GIVEN DATA START

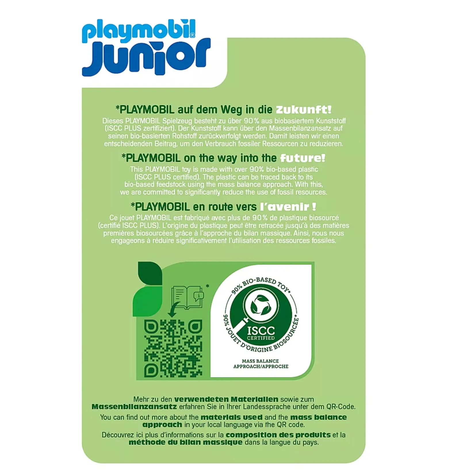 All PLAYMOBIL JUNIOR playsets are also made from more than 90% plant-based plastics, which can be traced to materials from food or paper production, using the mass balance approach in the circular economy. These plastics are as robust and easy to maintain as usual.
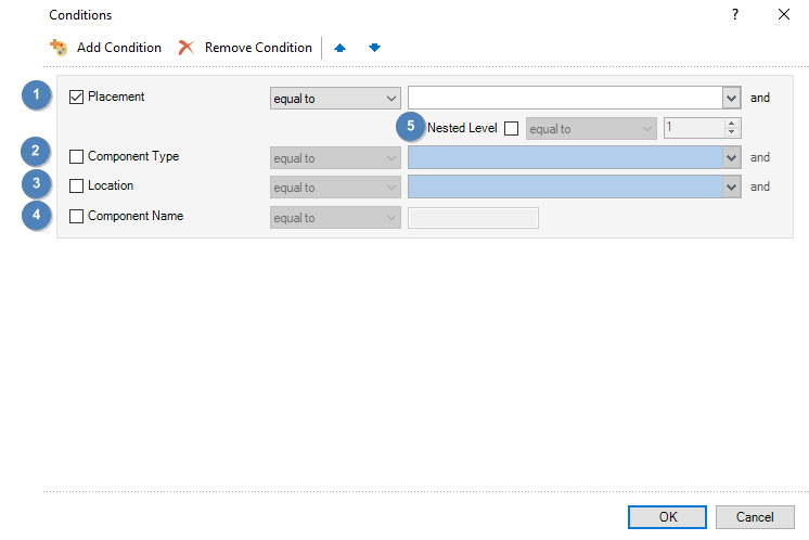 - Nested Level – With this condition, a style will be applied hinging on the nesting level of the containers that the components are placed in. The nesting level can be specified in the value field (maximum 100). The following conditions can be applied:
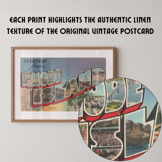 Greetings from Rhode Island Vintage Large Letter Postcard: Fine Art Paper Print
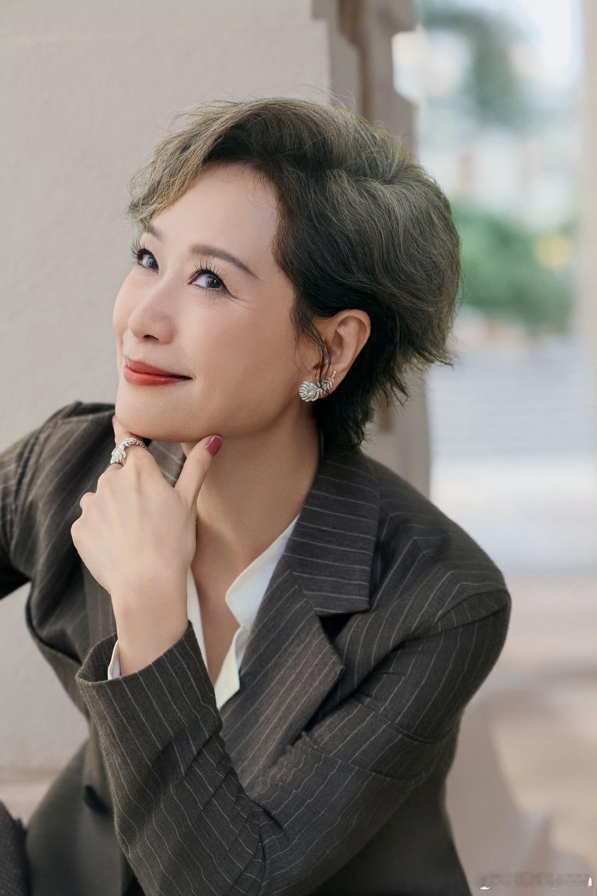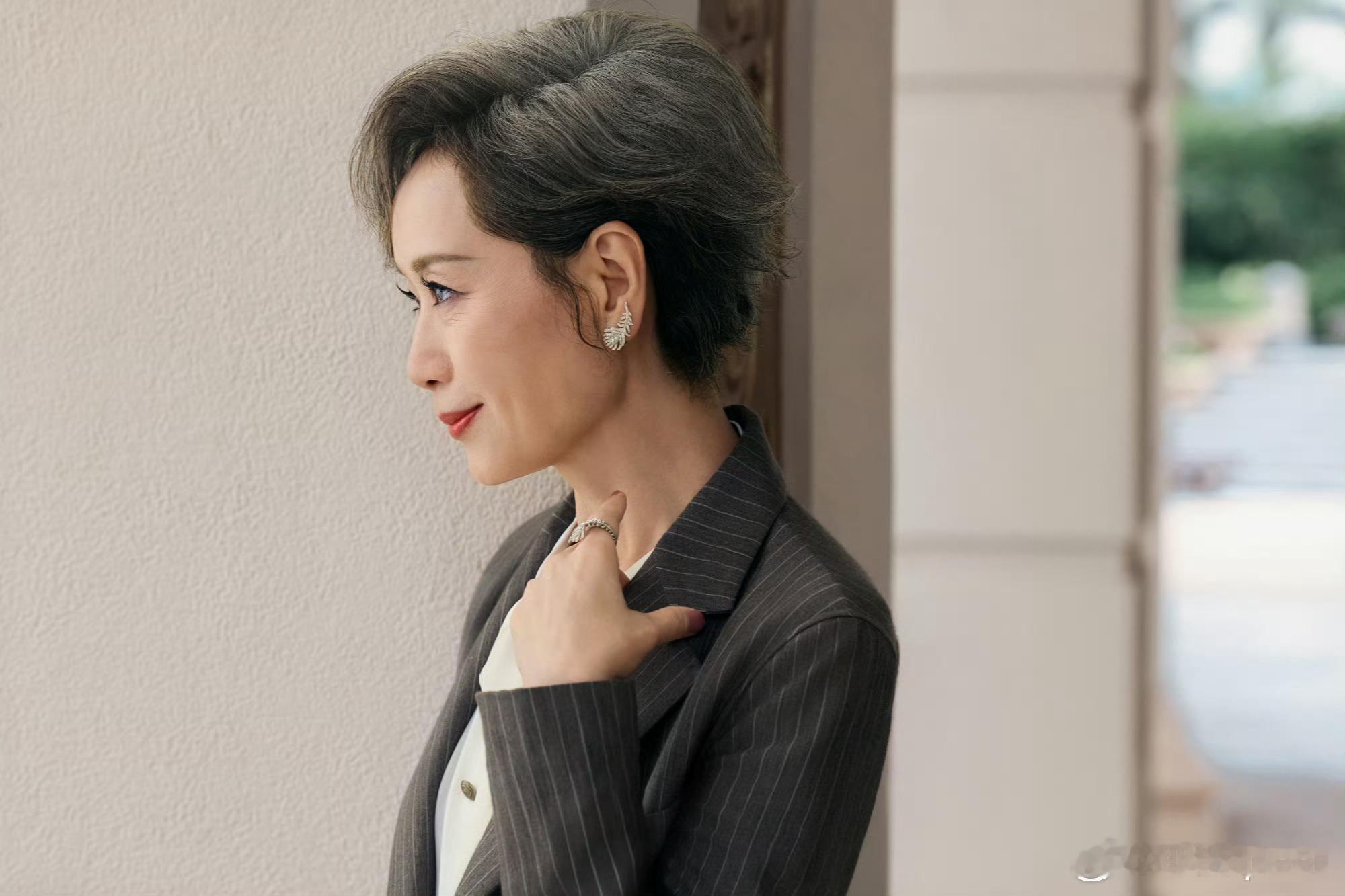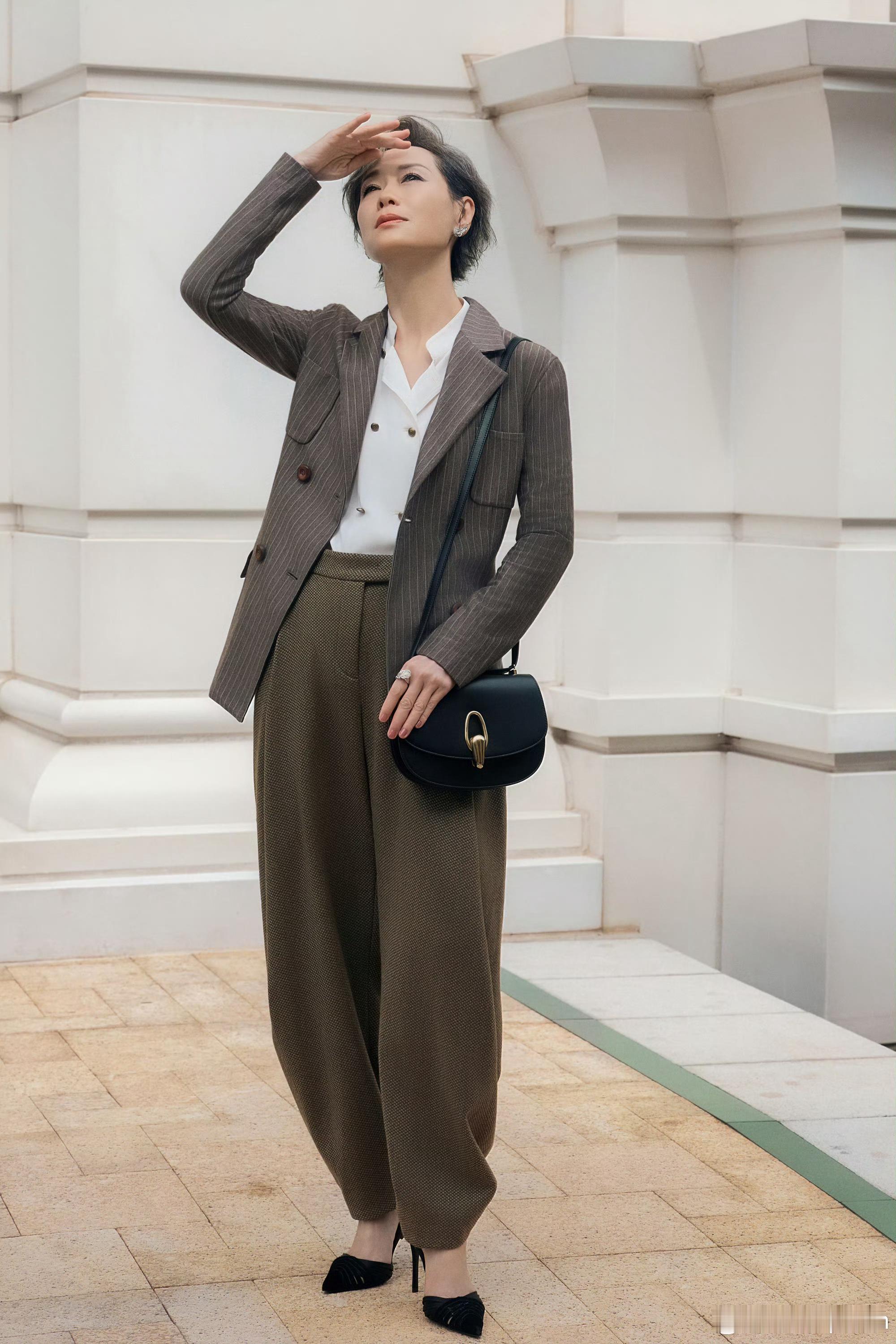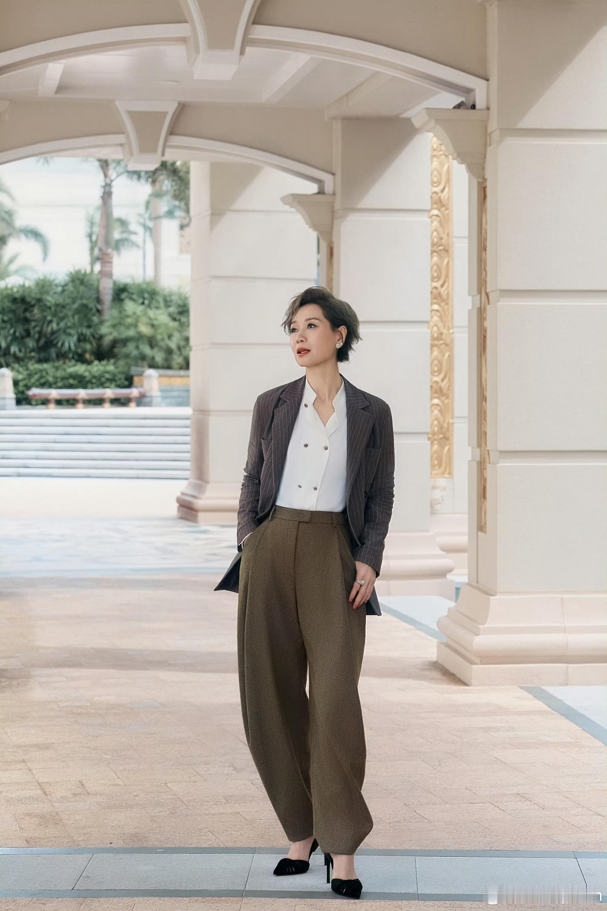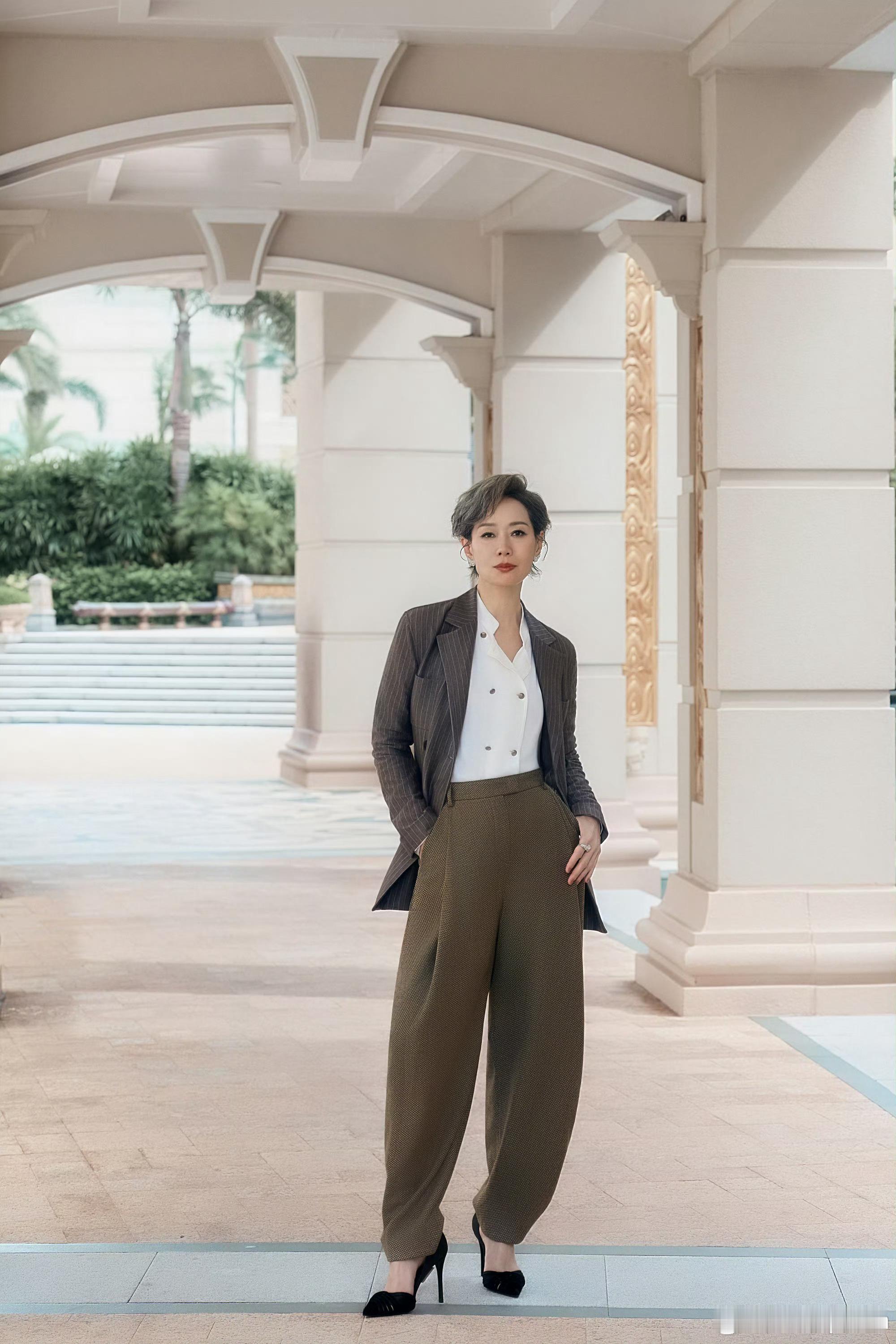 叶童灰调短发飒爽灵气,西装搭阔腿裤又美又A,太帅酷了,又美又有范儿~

GIVEN DATA END

(TASK DETAILS)
Leave every picture out, and reproduce exactly the lines from the line bearing "Greetings from Rhode" through the closing line of the material above.

(RESPONSE BELOW)
 Greetings from Rhode Island Vintage Large Letter Postcard: Fine Art Paper Print
 叶童灰调短发飒爽灵气,西装搭阔腿裤又美又A,太帅酷了,又美又有范儿~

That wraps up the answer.